Husky is a distributed computing system designed to handle mixed jobs of coarse-grained transformations, graph computing and machine learning. The core of Husky is written in C++ so as to leverage the performance of native runtime. For machine learning, Husky supports relaxed consistency level and asynchronous computing in order to exploit higher network/CPU throughput.
For more details about Husky, please check our Wiki.
Husky has the following minimal dependencies:
- CMake (Version >= 3.0.2)
- ZeroMQ (including both libzmq and cppzmq)
- Boost (Version >= 1.58)
- A working C++ compiler (clang/gcc Version >= 4.9/icc/MSVC)
- TCMalloc (In gperftools)
Some optional dependencies:
- libhdfs3 C/C++ HDFS Client
- MongoDB C++ Driver (Version legacy 1.1.2)
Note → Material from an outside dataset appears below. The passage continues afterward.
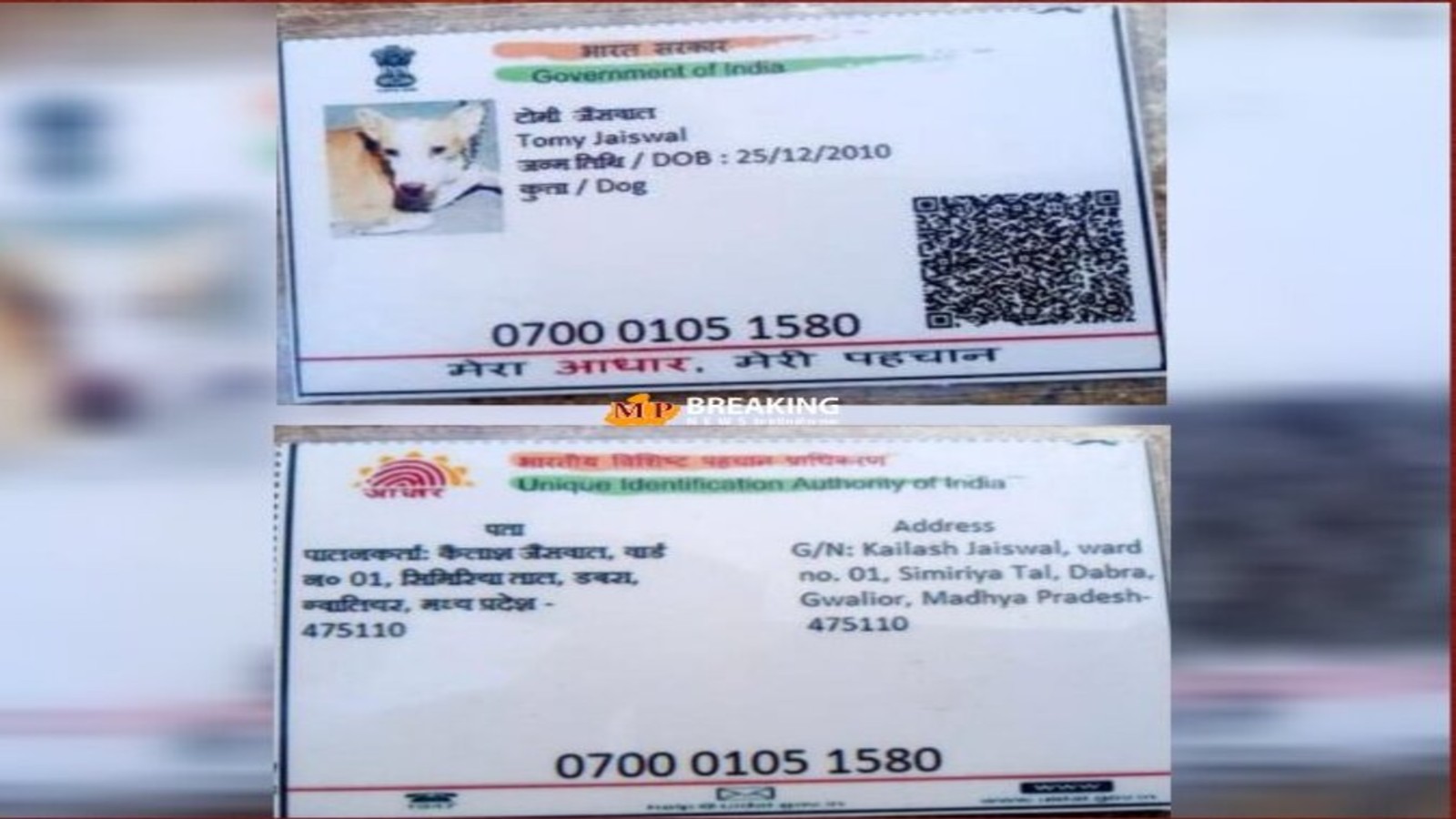 वायरल कार्ड में कुत्ते का नाम टोमी जैसवाल, पिता का नाम कैलाश जैसवाल, और जन्मतिथि 25/12/2010 दर्ज है। वहीं, पता वार्ड नंबर एक, सिमरिया ताल, ग्वालियर, मध्य प्रदेश दिखाया गया है। कार्ड में आधार संख्या भी दी गई है: 070001051580। सोशल मीडिया पर यह कार्ड तेजी से वायरल हो गया है, और लोग यह जानने की कोशिश कर रहे हैं कि आखिरकार यह कैसे संभव हुआ।

Download the Husky source code:
git clone https://github.com/husky-team/husky.git
We assume the root directory of Husky is $HUSKY_ROOT
. Go to $HUSKY_ROOT
and do a out-of-source build using CMake:
cd $HUSKY_ROOT
mkdir release
cd release
cmake -DCMAKE_BUILD_TYPE=Release ..
make help # List all build target
make -j8 Master # Build the Husky master
make $ApplicationName # Build the Husky application
Husky is supposed to run on any platform. Configurations can be stored in a configure file(INI format) or can be the command arguments when running Husky. An example file for configuration is like the following:
# Required
master_host=xxx.xxx.xxx.xxx
master_port=yyyyy
comm_port=yyyyy
# Optional
hdfs_namenode=xxx.xxx.xxx.xxx
hdfs_namenode_port=yyyyy
# For Master
serve=1
# Session for worker information
[worker]
info=master:3
For single-machine environment, use the hostname of the machine as both the master and the (only) worker.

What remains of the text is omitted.